Native advertising: cos’è e come funziona il nuovo modo di fare pubblicità

Pubblicità non invasiva, ecco come farla

Tiziana Troisi 21/10/2021 0

Quante volte navigando sui social o semplicemente in rete ti sei imbattuto in fastidiosissime pubblicità che non rendono la tua esperienza godibile? L’advertising in rete si è trasformato molto spesso in un qualcosa di invasivo e quasi disturbante. Pop up ovunque, spazi pubblicitari che spuntano anche mentre lasci un commento sui social.

C’è chi crede anche che l’assistente vocale dello smartphone possa condizionare le pubblicità che appaiono durante la navigazione. La continua esposizione a spot pubblicitari rende in un certo senso minore la loro efficacia.

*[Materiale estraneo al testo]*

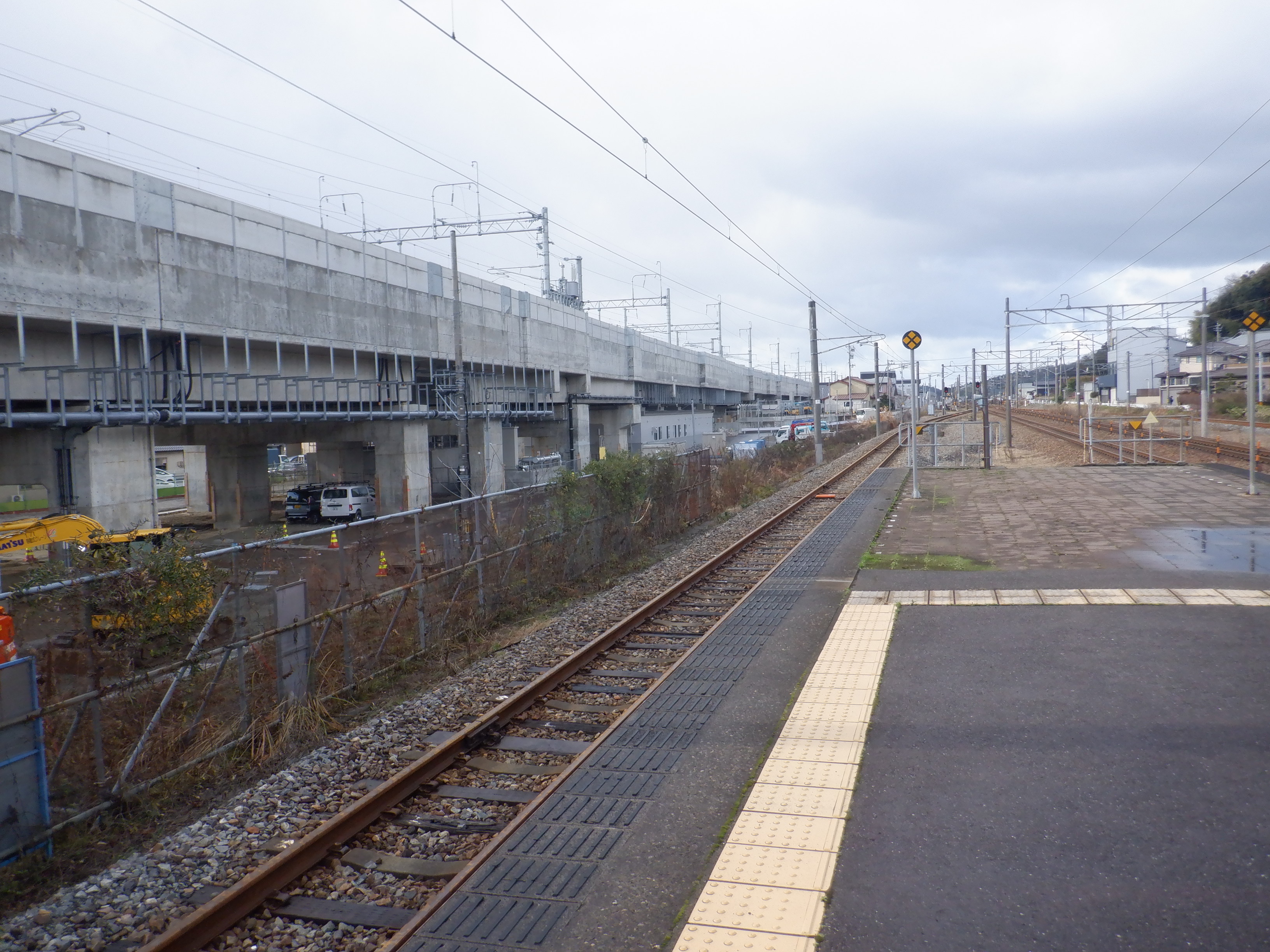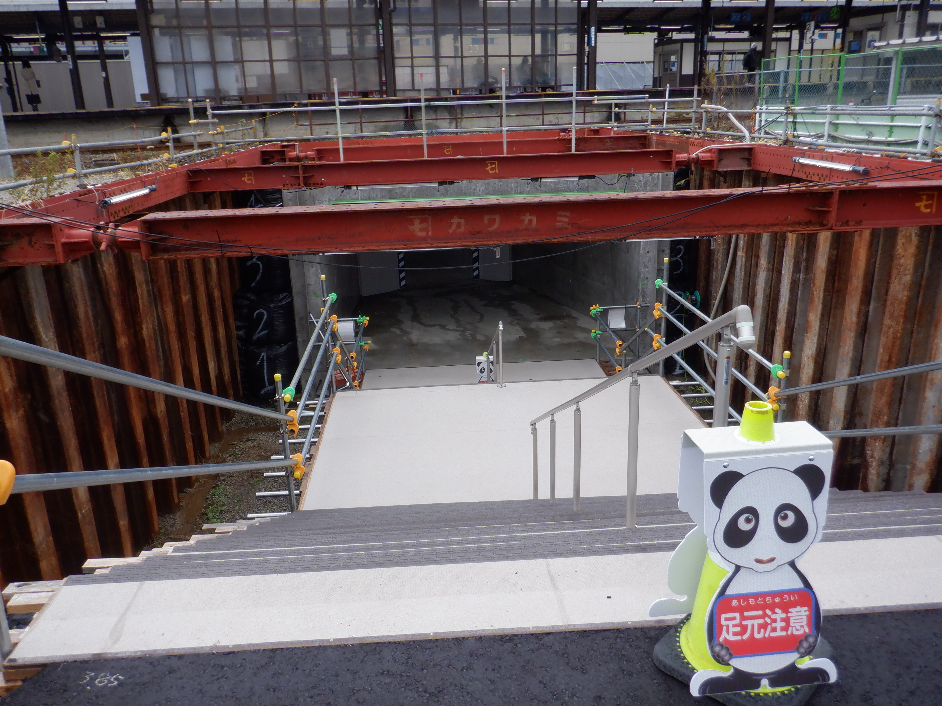 3・4番のりばから見た仮設地下道出入口と在来線駅舎となるもの。

Spesso, poi, le pubblicità che appaiono non sono per niente coerenti con quello che stai guardando. Se all’inizio questo modo di fare advertising poteva essere tollerato in quanto considerato normale, ora non è più cosi.

Native advertising: caro cliente, scusi il disturbo

Oggi i clienti sono decisamente più smaliziati ed esigenti, anche riguardo alla pubblicità: vogliono vedere contenuti coinvolgenti e interessanti che sembrino fatti per loro. Le aziende, dal canto loro, devono rispondere a queste nuove esigenze, se non vogliono perdere il loro appeal.

Come fare pubblicità sui social senza risultare troppo invasivi e disturbanti? Proprio per dare una risposta a questa domanda è nato il Native Advertising. Non hai mai sentito pronunciare queste due parole? Stai tranquillo, ci pensiamo noi a spiegarti tutto.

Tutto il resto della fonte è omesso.